To hold as defendant urges would make it impossible for foreign nationals to rely upon United States contracts and the express provisions thereof which would be reasonable inducements to such contracts. Neither can this court accept a proposition that would be in effect unilateral in avoiding liability. Seizure of defendant’s business as unfortunate and abhorrent as it may be, is perhaps an incident risk of defendant doing business in a revolutionary climate. The seizure was of the defendant’s — not the plaintiff’s — interests and is not the same as the cases which *166defendant cites regarding confiscation of property which was the very subject matter of such other suits. Nor is there proof here of a novation which might effectively substitute the foreign government for the defendant as insurer as in Tillman v. National City Bank of N. Y., supra. Mutuality is of course an essential to a novation.
The case of Dougherty v. Equitable Life Assurance Society, 226 N.Y. 71, 193 N.E. 897, cited by defendant as in point, is distinguished by the express provisions in the contracts there that they were payable in Russian rubles from funds in Russia and were to be controlled by Russian law. Similarly Heinne v. N.Y. Life Ins. Co., 50 Fed.2d 382, is distinguished where policies provided for payment in German marks.

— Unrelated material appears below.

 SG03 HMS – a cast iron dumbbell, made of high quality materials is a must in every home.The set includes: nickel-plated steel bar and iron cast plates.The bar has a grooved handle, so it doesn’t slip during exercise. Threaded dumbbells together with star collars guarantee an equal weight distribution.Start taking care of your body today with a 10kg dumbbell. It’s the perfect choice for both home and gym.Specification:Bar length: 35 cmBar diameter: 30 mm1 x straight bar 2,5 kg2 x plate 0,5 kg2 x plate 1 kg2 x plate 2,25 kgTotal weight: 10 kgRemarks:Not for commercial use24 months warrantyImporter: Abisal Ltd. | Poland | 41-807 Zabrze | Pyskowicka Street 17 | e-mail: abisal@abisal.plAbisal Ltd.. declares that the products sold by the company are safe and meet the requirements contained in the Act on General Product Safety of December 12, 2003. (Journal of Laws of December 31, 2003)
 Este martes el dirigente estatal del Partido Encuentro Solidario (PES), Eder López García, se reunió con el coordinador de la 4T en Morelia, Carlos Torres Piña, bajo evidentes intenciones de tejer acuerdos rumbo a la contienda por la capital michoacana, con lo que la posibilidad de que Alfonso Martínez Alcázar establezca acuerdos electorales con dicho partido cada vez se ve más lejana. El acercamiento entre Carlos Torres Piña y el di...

The Dougherty opinion notes at page 899 — “The right to a sum of money due upon contract is to be determined by the terms of that contract the world over.”
The court cannot justify a tendered distinction which would deny justice to Cuban nationals under these circumstances and rejects the contention that the courts of this country should not afford a forum to these distressed plaintiffs who find themselves homeless and without remedy in their own country. We would not forget the inscription on the Statue of Liberty from another great and grateful people, of France, in 1884 —
“Not like the brazen giant of Greek fame, With conquering limbs astride from land to land; Here at our sea-washed, sunset gates shall stand A mighty woman with a torch, whose flame Is the imprisoned lightning, and her name Mother of Exiles. From her beacon-hand Glows world-wide welcome; her mild eyes command The air-bridged harbor that twin cities frame. ‘Keep ancient lands, your storied pomp’ cries she With silent lips. ‘Give me your tired, your poor, Your huddled masses yearning to breathe free, The wretched refuse of your teeming shore. Send these, the homeless, tempest-tost to me, I lift my lamp beside the golden door!’ ”
“The New Colossus” by Emma Lazarus.
We are still worthy of those challenging words in these present challenging days.
Accordingly the court finds and it is ordered that the plaintiff is entitled to pay and the defendant is required to accept the payment of premiums in United States dollars in accordance with *167the terms of the policy of insurance herein questioned and that such policy is in full force and effect upon payment of tenders made and all premiums due to date and that the respective parties are bound by all the terms thereof, and that upon maturity, if all payments of premiums and requirements of plaintiff be met, the defendant will become obligated to the plaintiff in accordance with the terms of said policy.
It is further ordered that plaintiff is entitled to recover and that he do have and recover of and from the defendant an attorney’s fee for services herein rendered in a sum to be fixed and awarded against the defendant as a reasonable attorney’s fee herein upon testimony thereon being presented or upon affidavits if agreed by counsel.